Made a gamebook that sends serialized, entirely custom chapters by email and adapts to your whole choice history.
Grew up on Fighting Fantasy, replayed City of Thieves probably four or five times. Always wondered why that format never made it into daily habit territory. There's Twine, Inkle, Choicescript. All great. But they're still discrete "sit down and play" experiences. Nobody really cracked the gamebook as something you return to every day.
So I built something. PersonalPathways sends you a new chapter by email. You make a choice at the end of each one, and the story adapts based on your whole history, not just the last pick. The narrative voice shifts. Which details get surfaced changes. It builds a picture of what you're drawn to and leans into it.
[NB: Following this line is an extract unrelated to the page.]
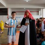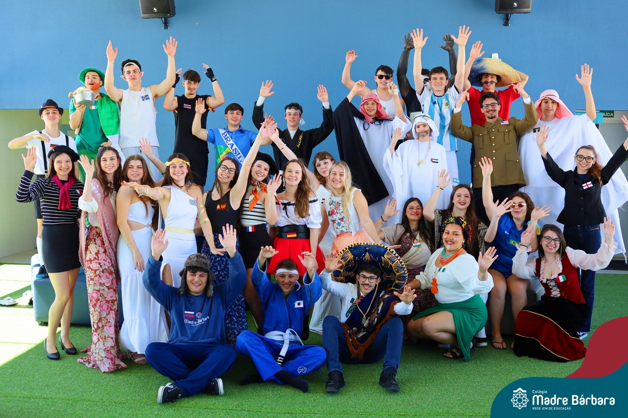 O Grêmio Estudantil do Colégio Madre Bárbara (Gembar) organizou o último trote do ano, superdivertido e cheio de criatividade com os estudantes do Terceirão. O tema foi “Países e Culturas”, e cada estudante caprichou nas vestimentas, representando diferentes partes do mundo com muito respeito e originalidade. Durante o evento, os alunos fizeram um lanche coletivo, posaram para fotos na área verde e animaram o recreio com um desfile cultural na área coberta. O momento foi marcado por integração, alegria e descontração, celebrando o espírito de união e encerrando mais uma etapa importante da caminhada escolar.

The design problem I keep returning to is the pass/fail structure. Classic gamebooks mostly operate on that logic. You picked the right path or the wrong one. Meaningful choice, where both branches are interesting and the decision reveals something about you rather than just routing you, is genuinely hard to write. Especially in a serialized format where chapters get produced before you know which branches readers will actually take.
If you want to try it and see whether the branching holds up, I'm looking for readers who'll actually tell me when a choice feels empty. Link in profile. And genuinely curious: does the pass/fail structure bother people here, or is navigating the tree kind of the whole point?